这是我的代码,用于过滤掉spark框架中的所有行,其中的列很少遇到值,这段代码正在工作,行数确实减少了(我需要它来做onehotencoder),但在那之后,框架本身变得有点奇怪,通常的df。Show()在2-3分钟内执行,我没有等待模型训练本身,为什么?问题开始后,这段代码,在此之前,所有的补丁都执行得很快
columns_to_check = ['is_zero', 'enc_loans', 'enc_limit', 'ratio_overdue']
for column in columns_to_check:
count_column = df.groupBy(column).agg(count("*").alias("count"))
df = df.join(count_column, on=column, how="left")
df = df.filter(col("count") >= 20).drop("count")
enc_paym = [i for i in df.columns if 'enc_paym' in i]
enc_zero_loans = [i for i in df.columns if 'is_zero_loans' in i]
enc_zero = [i for i in df.columns if 'is_zero' in i and 'loans' not in i]
enc_limit = [i for i in df.columns if 'pre_over' in i or 'pre_maxover' in i]
enc_loans = [i for i in df.columns if 'enc_loans' in i]
pre_loans = [i for i in df.columns if 'pre_loans' in i]
pre_since = ['pre_since_opened', 'pre_since_confirmed']
pre_tern = ['pre_pterm', 'pre_fterm']
pre_close = ['pre_till_pclose', 'pre_till_fclose']

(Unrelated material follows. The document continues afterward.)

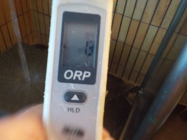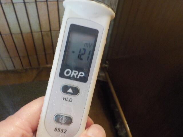 浴槽:温度41.6℃、pH8.30、ORP値は208mvに収束した。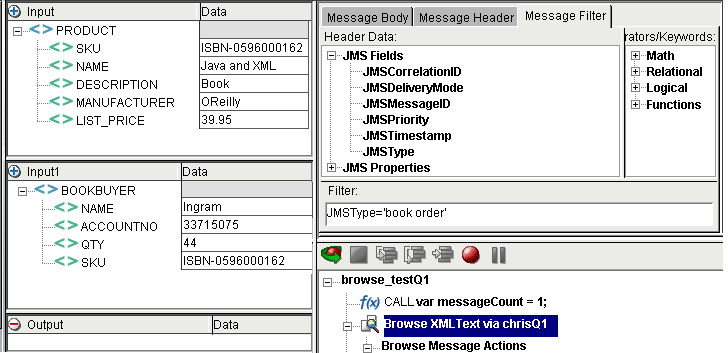 The JMS Component Editor allows you to create actions that involve sending, receiving, or browsing messages, optionally as part of a transaction. The powerful XML mapping capabilities of exteNd Composer allows you to map XML information between messages and DOMs with ease, while also permitting the transformation of data with business logic. JMS Components created in exteNd Composer thus bring sophisticated messaging capabilities to XML integration applications.

list_of_pca = [enc_paym, enc_zero, enc_limit, enc_loans, pre_loans, enc_zero_loans,
pre_since, pre_tern, pre_close]
def retname(i):
flag = 0
for j in i:
if 'enc_paym' in j:
flag = 1
elif 'is_zero_loans' in j:
flag = 2
elif 'pre_over' in j or 'pre_maxover' in j:
flag = 3
elif 'enc_loans' in j:
flag = 4
elif 'pre_loans' in j:
flag = 5
elif 'is_zero' in j and 'loans' not in j:
flag = 6
elif 'pre_since_opened' in j or 'pre_since_confirmed' in j:
flag = 7
elif 'pre_pterm' in j or 'pre_fterm' in j:
flag = 8
elif 'pre_till_pclose' in j or 'pre_till_fclose' in j:
flag = 9
if flag == 1:
return 'enc_paym'
elif flag == 2:
return 'is_zero'
elif flag == 3:
return 'enc_limit'
elif flag == 4:
return 'enc_loans'
elif flag == 5:
return 'pre_loans'
elif flag == 6:
return 'ratio_overdue'
elif flag == 7:
return 'confirm_days'
elif flag == 8:
return 'open_days'
elif flag == 9:
return 'collection_days'
for i in list_of_pca:
vector_enc = VectorAssembler(inputCols=i, outputCol=retname(i))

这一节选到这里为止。